Find the value of Z that is smaller than 90% of all values of Z.
To find the value of Z that is smaller than 90% of all values of Z, you will need to use percentiles. A percentile represents a specific value below which a given percentage of the data falls.
Step 1: Determine the desired percentile. In this case, we want to find a value that is smaller than 90% of all values, so the desired percentile is 90.

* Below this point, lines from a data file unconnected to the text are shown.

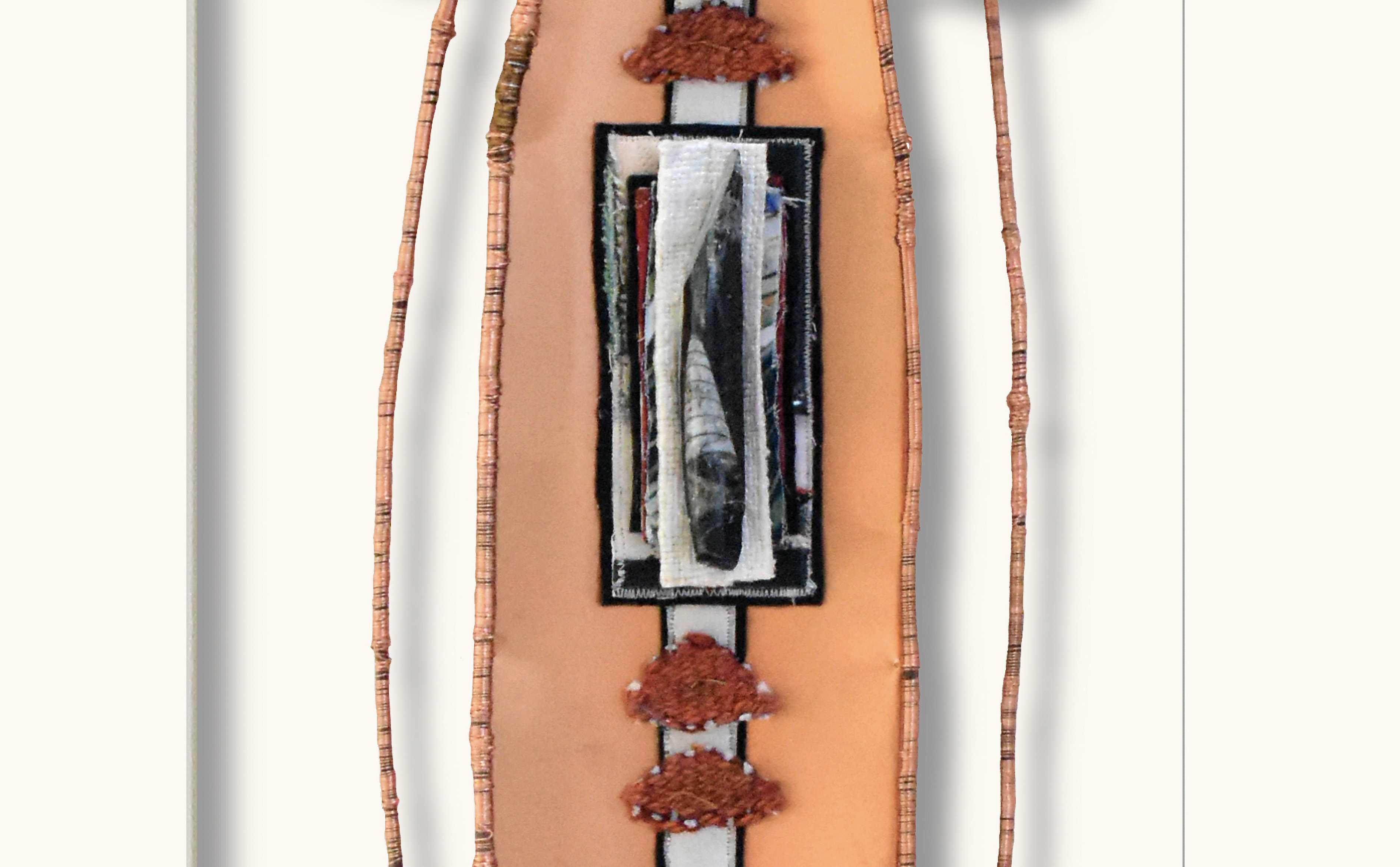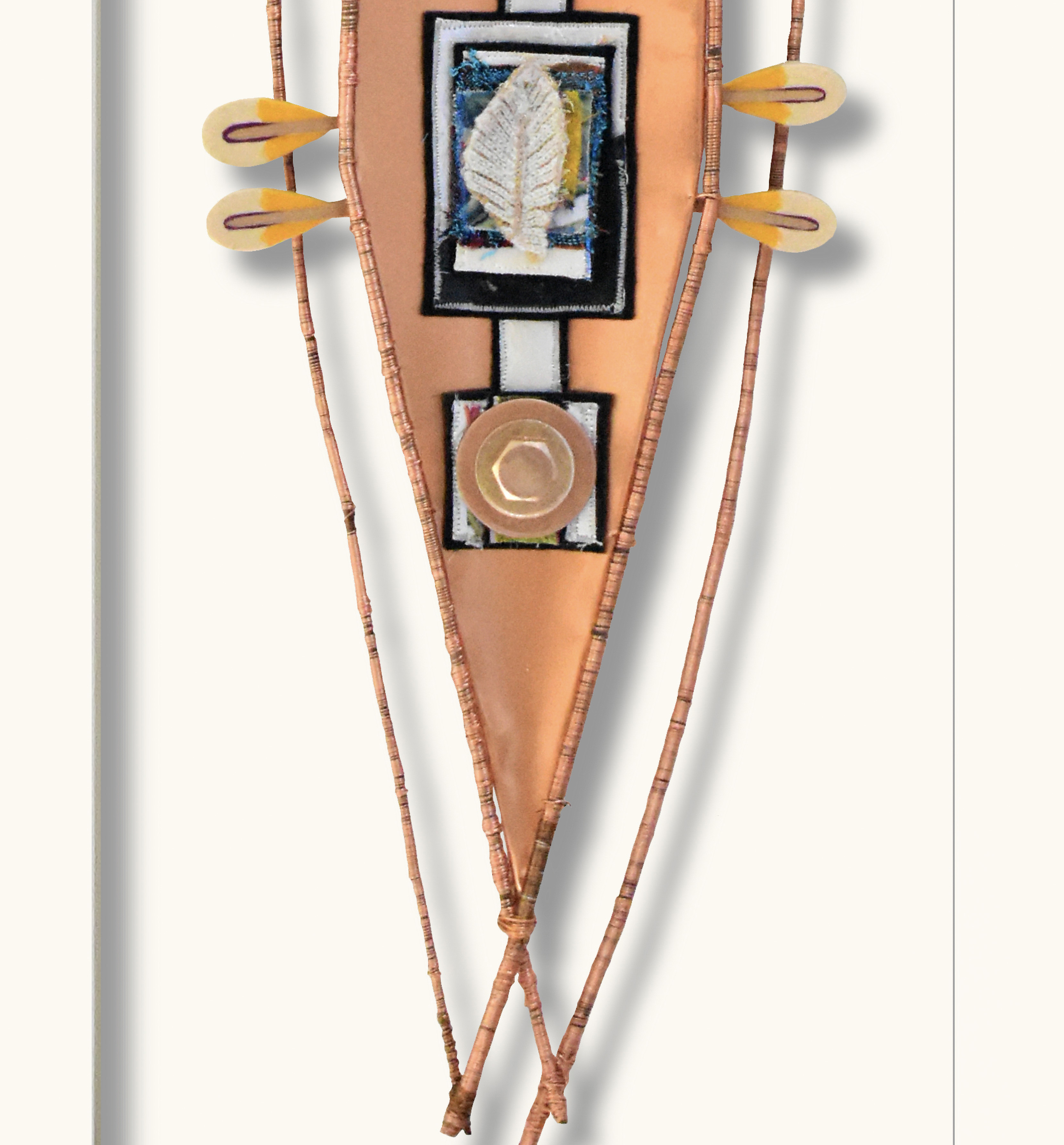 The Canadian artist’s beautiful, intricately detailed work is created using ‘found’ objects—stones from the shores of Lake Ontario, shells, pieces of textiles, and burnished copper assembled to form and adorn a canoe-like shape. Two sets of ‘paddles’ are attached to both sides, the bow and stern of the vessel.
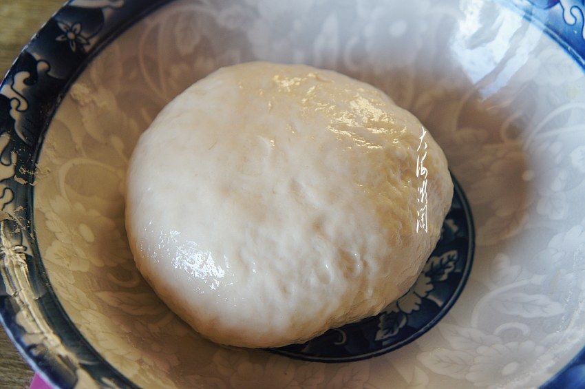 和面,面粉放入盆中,温水中少加一点点盐,面粉中慢慢倒入温水,面粉全部搅拌成絮状,没有干面粉,这时再揉成面团,上边抹一层油,盖上保鲜膜饧着(15分钟左右)。我通常是前一天晚上和面,冰箱冷藏,第二天早上用,面团饧的特别好用,还不用早起。
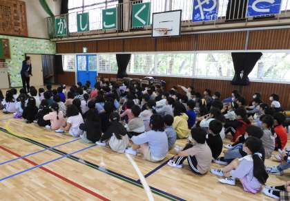 2年生初めての学年集会 1年生が入学しておにいさんおねんさんとなり、2年生でもがんばろうという意識を感じます。
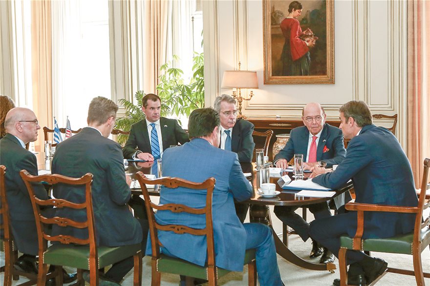 Ο υπουργός Εμπορίου των ΗΠΑ Γουίλμπουρ Ρος με τον πρωθυπουργό Κυριάκο Μητσοτάκη κατά την πρόσφατη συνάντησή τους στο Μέγαρο Μαξίμου
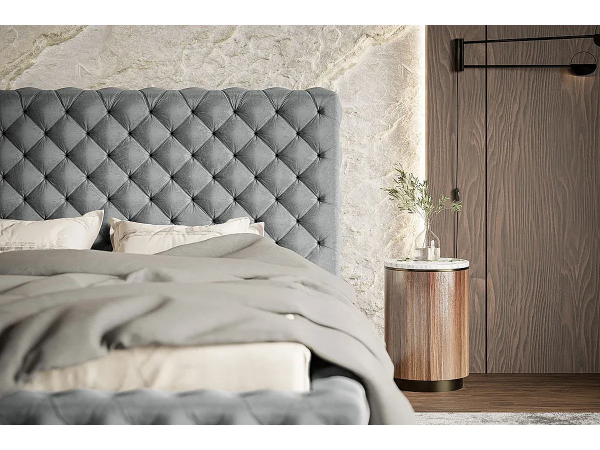 Das Polsterbett bietet eine attraktive Gestaltung für das Schlafzimmer. Mit einem hohen Kopfteil bietet es Unterstützung beim Lesen oder Entspannen. Die durchgehende Steppung ist ein markantes Merkmal. Information: Chrombeine, inklusive Lattenrost und Bettkasten.
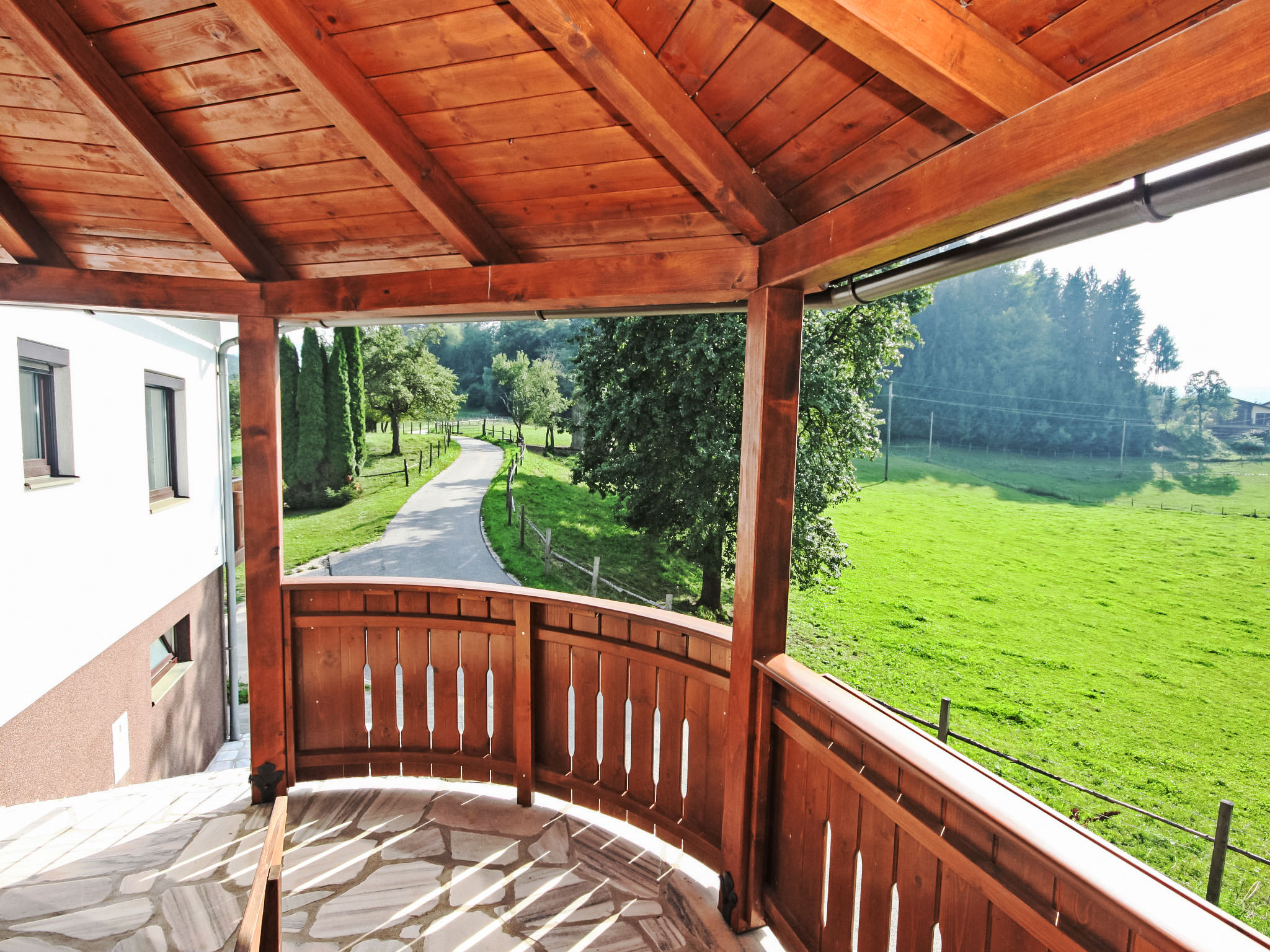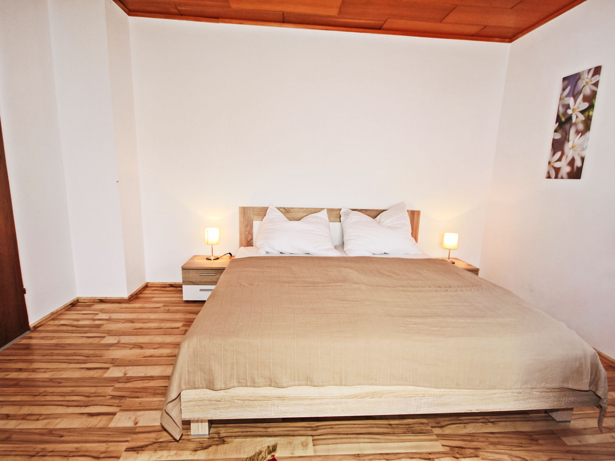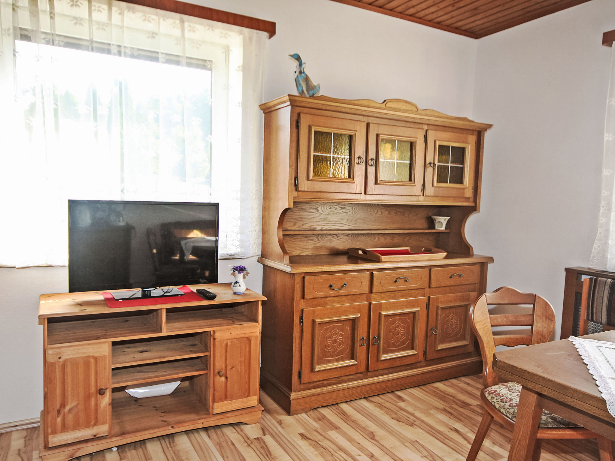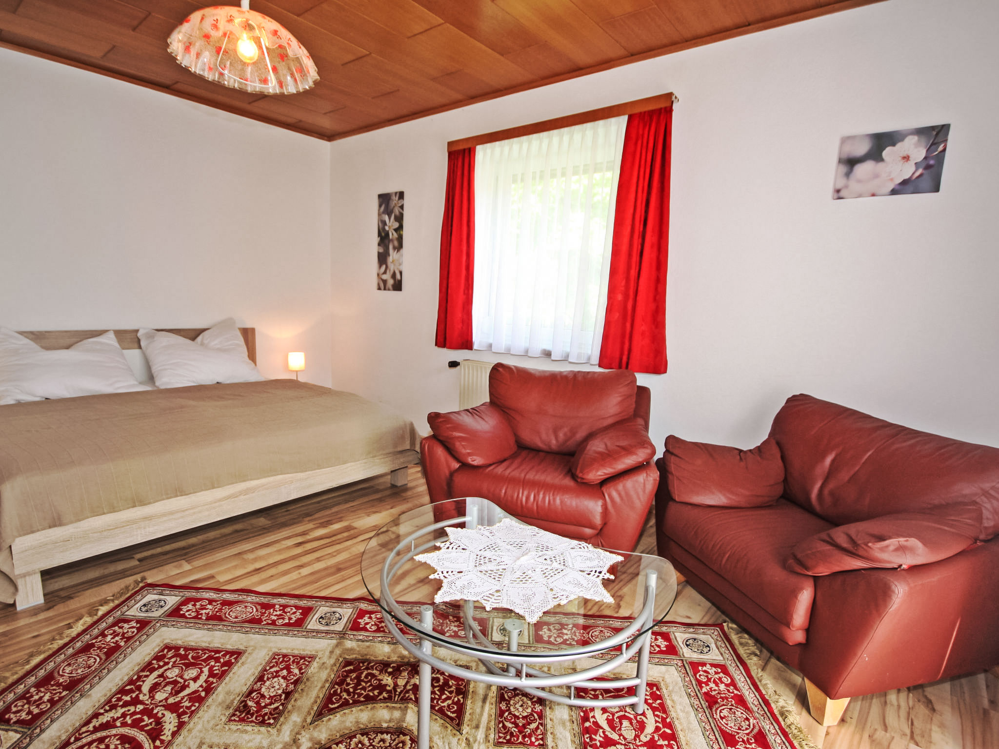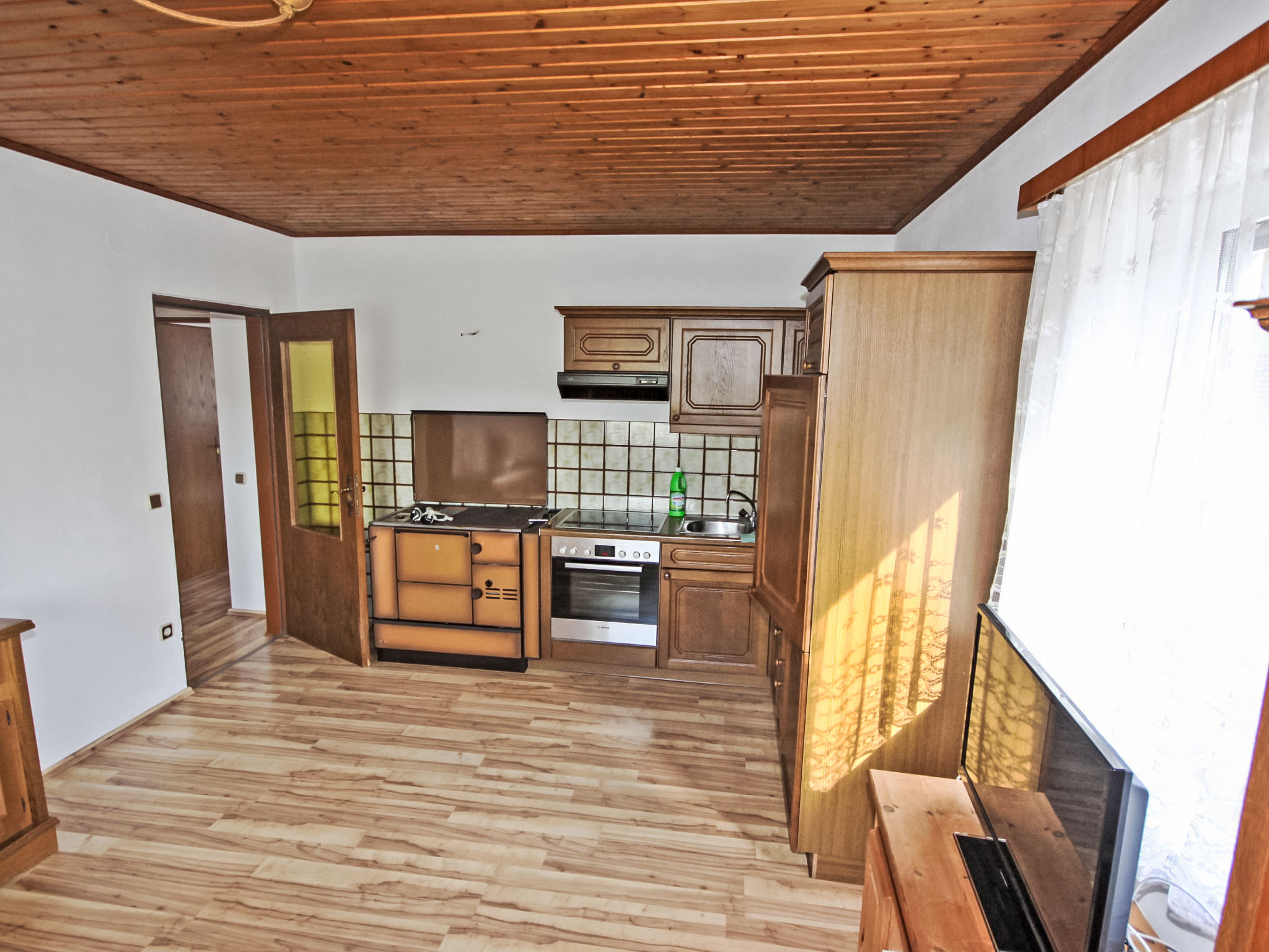 3-Zimmer-Haus 90 m2. Geräumig und hell, zweckmässig und gemütlich eingerichtet: Eingang. 1 Doppelzimmer. 1 Doppelzimmer mit Kabel-TV (Flachbildschirm). Ausgang zum Balkon. Grosse Wohnküche (Backofen, Geschirrspüler, 4 Glaskeramikherd Platten, Mikrowelle, elektrische Kaffeemaschine) mit Essecke und Sat-TV (Flachbildschirm), Holzofen. Bad/Dusche, Bidet, sep. WC. E-Heizung, Holzheizung. Grosser Balkon 11 m2, Laube. Balkonmöbel, Abstellkammer. Schöne Sicht auf die Landschaft. Zur Verfügung: Waschmaschine, Kinderhochstuhl, Babybett bis 2 Jahre. Internet (Wireless LAN, gratis). Bitte beachten: geeignet für Familien. Nichtraucher-Unterkunft. Rauchmelder, Feuerlöscher.

Step 2: Convert the desired percentile to a decimal. Divide the desired percentile by 100:
90 ÷ 100 = 0.9
Step 3: Subtract the desired percentile (expressed as a decimal) from 1. This gives you the complement to the desired percentile:
1 - 0.9 = 0.1
Step 4: Use statistical tools or software to find the Z-score associated with the complement of the desired percentile. The Z-score represents the number of standard deviations a value is away from the mean in a normal distribution.
For a standard normal distribution, the Z-score associated with the complement of 0.1 is approximately -1.28.
Step 5: Use the Z-score formula to find the corresponding value of Z:
Z = (Z-score * standard deviation) + mean
Note: The mean of a standard normal distribution is 0, and the standard deviation is 1.
Z = (-1.28 * 1) + 0
Z = -1.28
Therefore, the value of Z that is smaller than 90% of all values of Z is approximately -1.28.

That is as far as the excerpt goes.